When he went out, we weren't hanging out. I told him I had an hour if he wanted to hang out for that, but he said what's the point because it was only an hour.
It sounds like he is frustrated about the amount of time you are spending together, which is a typical guy thing. Men often become more like boys when they feel they are not getting enough attention. Though the fact remains that your schooling is far more important right now then his attention needs. While I wish I could tell you that he will eventually get over it the reality is without some communication this is going to get a lot worse.
Him telling you, it wasn't worth it for only a hour shows that he is frustrated and trying to get you to see this is getting to a boiling point for him. Which in this case is pretty immature and not something you would want to see in a man you want a future with.
What I would suggest is a good sit down. Try to find some time where you can sit down and talk to him and let him know that while you love him his behavior is not helpful in this situation. Let him know that while you wish you could spend more time with him the reality is school is very important as this is your future you are working on.

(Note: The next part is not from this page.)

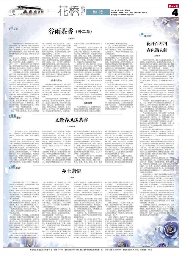 山那边飘来去年的茶谣,阿妹的银镯碰响了谷雨,而阿哥的蓑衣上,正挂着整个茶园的雨滴。山水间,采茶的阿哥阿妹,身影忙碌,面对满山茶树,他们把久远的山歌传唱。“四月采茶茶叶香,哥妹约好去爬山。一边走来一边唱,不怕山高村路长。茶树种在那高山,清明谷雨采茶忙。和平茶叶香又香,品尝一口精神爽。和平就是我家乡,山清水秀好风光……”歌声与满山的茶香伴在一起……稍息一会儿,歌声又起,一唱一和,深入人心。“采茶阿妹快乐多,桃园茶山唱山歌。晚上唱到金鸡叫,早晨唱到日落坡。又到谷雨嫩芽香,阿妹采茶碌忙忙。不怕腰酸汗洗脸,摘了一筐又一筐。春风拂面茶山香,新茶两片嫩叶黄。阿妹巧手把茶采,烧茶盼哥来品尝。”置身此地,一脉风骨或传承就是一场浓墨重彩的春光。只要山歌嗓子一亮起,幸福就满溢出来。
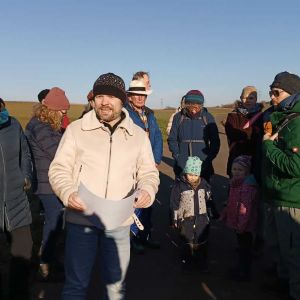 Vom Dorfplatz aus ging es vorbei an der ADS zur ersten für alle Teilnehmerinnen und Teilnehmer äußerst interessanten Zwischenstation bei Hobbyschäferin Corinna Buchmann und ihrer Schafherde, die dort derzeit ihr vorübergehendes Zuhause haben.

Let him know that you want to be with him when you can, but him taking off with his friends all the time and acting out towards you is hurting your feelings and with all the pressure at school it is something you are hoping you can both work on.
In reality this is his problem, not yours. The fact is your schooling is far more important then anything else right now. If he can not accept that then you may want to consider moving on. The fact is you need someone who is going to support you and understand that your schooling must come first. If he can not accept that then he may be to immature for a real relationship right now.